The GDG considered the ‘strength’ of recommendations. This takes into account the quality of the evidence but is conceptually different. Some recommendations are ‘strong’ in that the GDG believes that the vast majority of healthcare and other professionals and patients would choose a particular intervention if they considered the evidence in the same way that the GDG has. This is generally the case if the benefits clearly outweigh the harms for most people and the intervention is likely to be cost-effective. However, there is often a closer balance between benefits and harms, and some patients would not choose an intervention whereas others would. This may happen, for example, if some patients are particularly averse to some side effect and others are not. In these circumstances the recommendation is generally weaker, although it may be possible to make stronger recommendations about specific groups of patients.

The GDG focused on the following factors in agreeing the wording of the recommendations:

The actions health professionals need to take
The information readers need to know
The strength of the recommendation (for example the word ‘offer’ was used for strong recommendations and ‘consider’ for weak recommendations; see the “Rating Scheme for the Strength of the Recommendations” field)
The involvement of patients (and their carers if needed) in decisions on treatment and care
Consistency with NICE’s standard advice on recommendations about drugs, waiting times and ineffective interventions

The main considerations specific to each recommendation are outlined in the ‘Recommendations and link to evidence’ sections within each chapter in the full version of the guideline.

Rating Scheme for the Strength of the Recommendations

Strength of Recommendations

Interventions That Must (or Must Not) Be Used

Interventions That Should (or Should Not) Be Used – a ‘Strong’ Recommendation

Interventions That Could Be Used

Cost Analysis

Undertaking New Health Economic Analysis

As well as reviewing the published economic literature for each review question, new economic analysis was undertaken by the health economist in selected areas. Priority areas for new health economic analysis were agreed by the Guideline Development Group (GDG) after formation of the review questions and consideration of the available health economic evidence.

The GDG identified the use of cell salvage, tranexamic acid or both in combination in people undergoing surgery as the highest priority area for original economic modelling. Economic evaluations identified in the systematic literature search indicate that cell salvage and tranexamic acids are likely to be cost-effective individually compared with standard treatment (no intervention or placebo). However, uncertainty remained regarding whether one may be more cost-effective than the other (head-to-head comparison) or whether they are more cost-effective when given in combination.

The following general principles were adhered to in developing the cost-effectiveness analysis:

Methods were consistent with the National Institute for Health and Care Excellence (NICE) reference case.
The GDG was involved in the design of the model, selection of inputs and interpretation of the results.
Model inputs were based on the systematic review of the clinical literature supplemented with other published data sources where possible.
When published data were not available, GDG expert opinion was used to populate the model.
Model inputs and assumptions were reported fully and transparently.
The results were subject to sensitivity analysis and limitations were discussed.
The model was peer-reviewed by another health economist at the National Clinical Guideline Centre (NCGC).

Full methods for the cost-effectiveness analysis for tranexamic acid and cell salvage are described in Appendix M of the full version of the guideline.

Cost-effectiveness Criteria

NICE’s report ‘Social value judgements: principles for the development of NICE guidance’ sets out the principles that GDGs should consider when judging whether an intervention offers good value for money.

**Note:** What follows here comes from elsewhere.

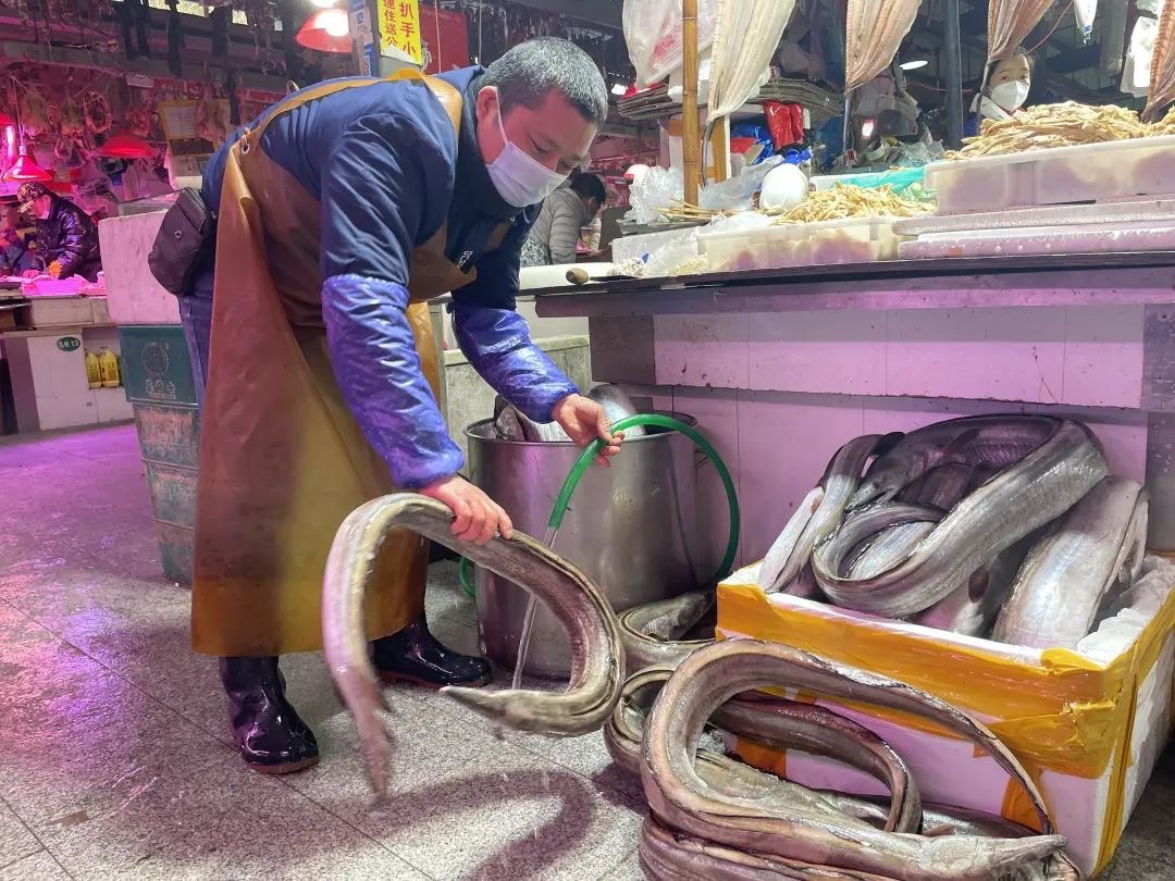 她口中的“很香”的鳗鲞,正是出自浙江温岭的李老板经营的摊位,他经营水产生意已将近30年。这会儿,他正在清理当天刚到货的鳗鲞。“往年冬至一过,生意就开始起来了,许多老主顾们从四面八方来到我这里选购。今年太不巧了,那段时间很多人都‘中招’了,我原本以为今年‘惨’了。幸好元旦之后陆陆续续恢复起来,而且今年大家基本都选择热气鳗,价格高但吃口更好,所以营收和往年基本持平。”

In general, an intervention was considered to be cost-effective if either of the following criteria applied (given that the estimate was considered plausible):

The intervention dominated other relevant strategies (that is, it was both less costly in terms of resource use and more clinically effective compared with all the other relevant alternative strategies), or
The intervention cost less than £20,000 per QALY gained compared with the next best strategy

If the GDG recommended an intervention that was estimated to cost more than £20,000 per quality-adjusted life-year (QALY) gained, or did not recommend one that was estimated to cost less than £20,000 per QALY gained, the reasons for this decision are discussed explicitly in the ‘Recommendations and link to evidence’ section of the relevant chapter in the original guideline document, with reference to issues regarding the plausibility of the estimate or to the factors set out in ‘Social value judgements: principles for the development of NICE guidance.’

When QALYs or life years gained are not used in the analysis, results are difficult to interpret unless one strategy dominates the others with respect to every relevant health outcome and cost.

In the Absence of Economic Evidence

When no relevant published studies were found, and a new analysis was not prioritised, the GDG made a qualitative judgement about cost-effectiveness by considering expected differences in resource use between options and relevant UK National Health Service (NHS) unit costs, alongside the results of the clinical review of effectiveness evidence.

See the economic considerations in the relevant chapter for each review question in the full version of the guideline.

See Appendices F and I in the full guideline appendices for economic article selection and economic evidence tables.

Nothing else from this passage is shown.